Do You Manage Yourself, Or Try to Manage Others?

outline of head with wordlcloud containing: Direct, Evaluate, Measure, Admire, Detract, Promote, Blame, Excuse, Supervise, Control, Analyze“The only person I can change is myself.”

Here I sit, having wasted hours of my time reading about the election campaign.  I haven’t done a very good job of managing myself today, so maybe I can at least get a blogpost out of my self-indulgence.

Without at all getting into the weeds of the actual politics (that’s for my Personal and Political page), I’ll say that it’s absolutely fascinating to watch the campaigns play out with all their many moving parts.  You may recall that the books I recommended from a couple of weeks ago were by Mary Matalin and George Carville, with the earlier one, Love and War, being about the 1992 election, during which Matalin and Carville met and fell in love.  Just one little problem:  they were working on opposite sides, Matalin for the re-election of George H. W. Bush, Carville for Bill Clinton.  On election night James calls Mary (I’ll call them that since this is a personal part of the story) and she says to him, “I cannot believe you could live on this earth and know that you were responsible for electing a slime, a scum, a philandering, pot-smoking, draft-dodging pig of a man . . . You make me sick.  I hate your guts.”  After she cusses him out (she doesn’t quote that part), she hangs up.  As she says, “I don’t remember him saying anything.”  (And they got married–and still are to this day!  Miracles do happen.)

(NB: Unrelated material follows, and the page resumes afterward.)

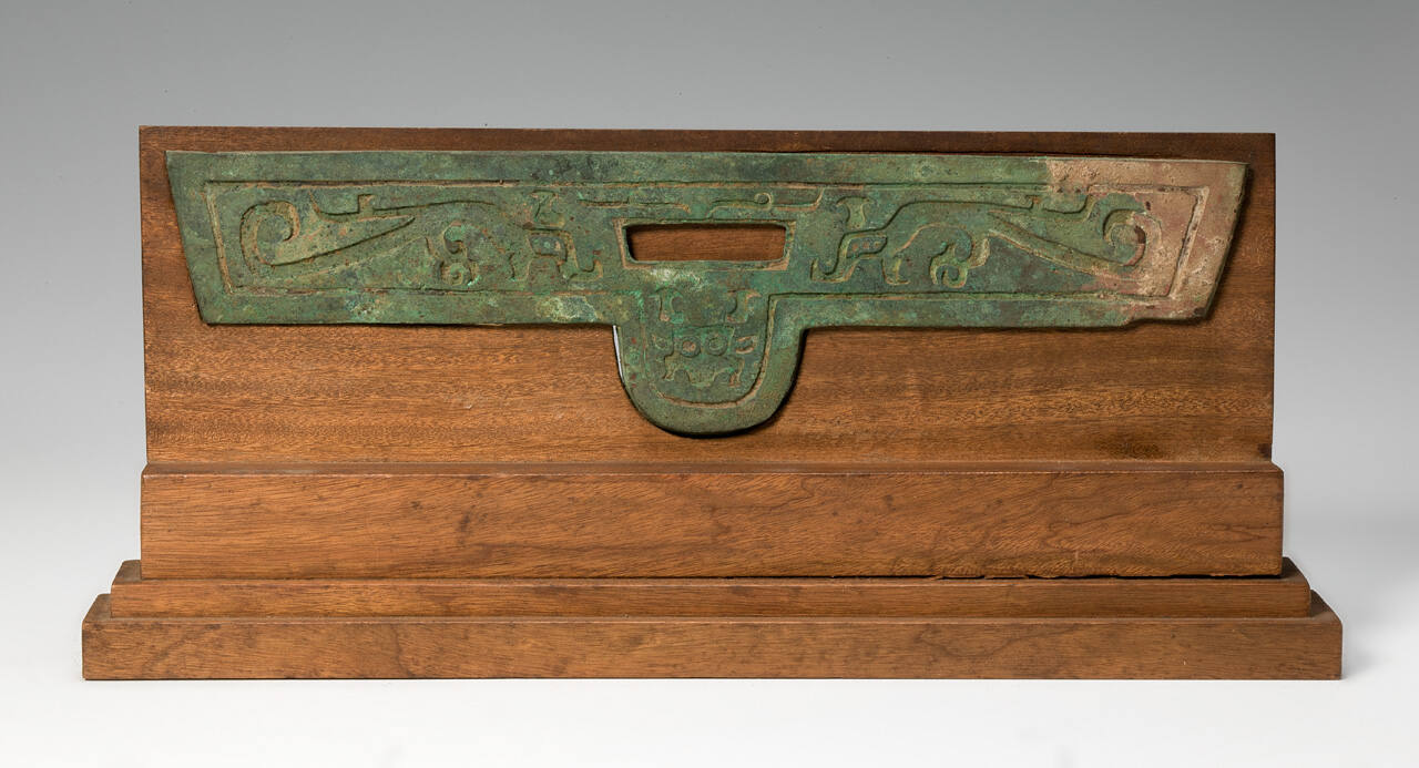 DescriptionFlat decoration with two dragons in intaglio facing each other; below is a Tao T'ieh mask in intaglio; flanges on back for attaching to chariot.ProvenanceT'ang Hsiao Wu, Peiping (modern-day Beijing), China, by March 30, 1934;

But the takeaway about elections that fits with my topic is this:  Strategy doesn’t work if there’s no discipline to back it up.  And you can’t manage other people if you don’t have that ability for yourself.  We don’t have day-to-day behind-the scenes information about the Trump and Clinton campaigns going on right now, but the Matalin/Carville book gives its readers exactly that about the ones for Clinton and Bush.  Two big problems: 1) keeping everyone (especially the candidate, especially Bill Clinton) on message and 2) stopping leaks.  Time after time something gets out and then gets spun, both in the press and by the other side.  People make huge mistakes because they don’t stop and think, because they’re exhausted, because someone flatters them or insults them.  And then it’s out there and can never be taken back.  A sloppy team with great ideas has a hard time winning.  Carville gets a lot of credit for Clinton’s win in 1992, mainly for coming up with the line, “It’s the economy, stupid.”  It was simple, short and memorable, and he got Clinton to hammer away at it, to focus, and he succeeded because he was so focused himself.

So it’s always good to remember that change starts with me, and that I can’t expect anyone else to do what I won’t do myself.  I’m reminded of a line from an old Gospel song:  “Lord, send a revival, and let it begin in me.”